_PROBLEM DESCRIPTION_. Look below for the line holding "band stamped platinium, size" and the line holding "This Mikasa Millie". Repeat those two and everything between, exactly.

_RECORD SET_.
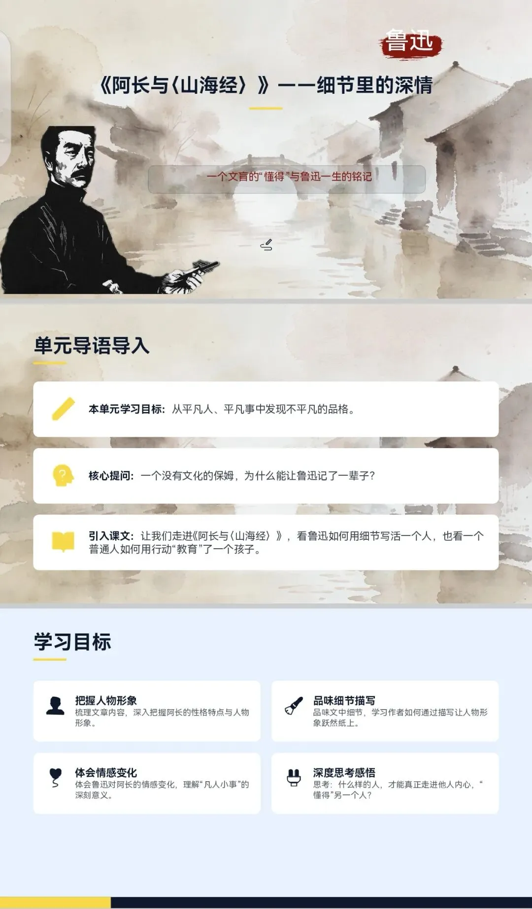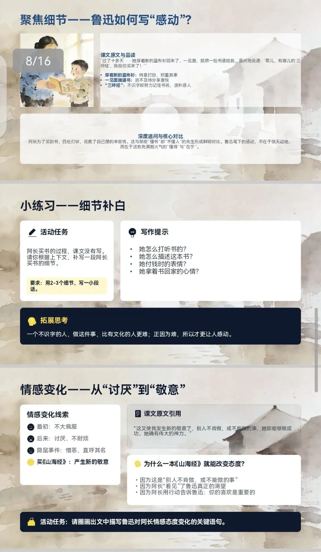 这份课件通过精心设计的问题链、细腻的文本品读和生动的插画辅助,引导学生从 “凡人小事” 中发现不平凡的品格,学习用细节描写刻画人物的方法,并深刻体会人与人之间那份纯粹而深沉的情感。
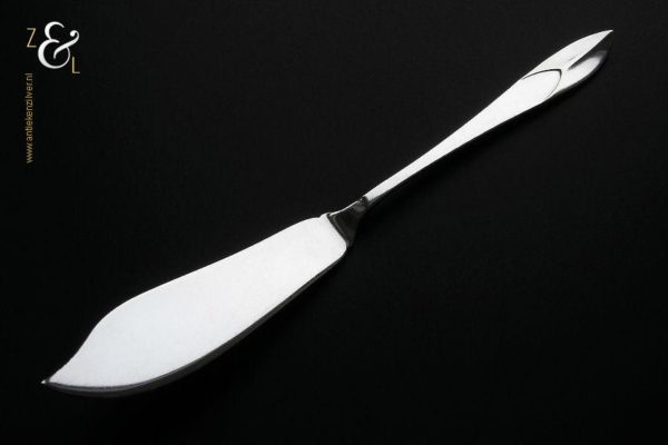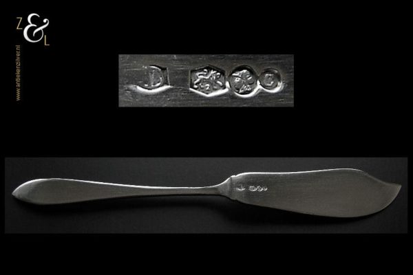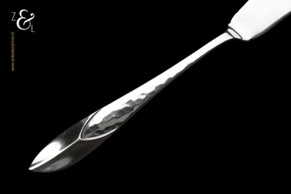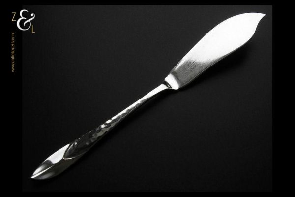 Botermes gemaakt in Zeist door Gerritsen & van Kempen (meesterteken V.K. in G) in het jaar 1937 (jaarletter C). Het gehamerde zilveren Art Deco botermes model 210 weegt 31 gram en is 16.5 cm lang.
* * *
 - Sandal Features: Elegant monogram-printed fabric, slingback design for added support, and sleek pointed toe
* * *
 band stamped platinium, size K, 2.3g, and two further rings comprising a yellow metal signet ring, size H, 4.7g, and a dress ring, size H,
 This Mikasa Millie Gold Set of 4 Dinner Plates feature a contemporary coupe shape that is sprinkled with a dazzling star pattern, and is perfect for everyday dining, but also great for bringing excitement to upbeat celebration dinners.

_WRITTEN SOLUTION_.
 band stamped platinium, size K, 2.3g, and two further rings comprising a yellow metal signet ring, size H, 4.7g, and a dress ring, size H,
 This Mikasa Millie Gold Set of 4 Dinner Plates feature a contemporary coupe shape that is sprinkled with a dazzling star pattern, and is perfect for everyday dining, but also great for bringing excitement to upbeat celebration dinners.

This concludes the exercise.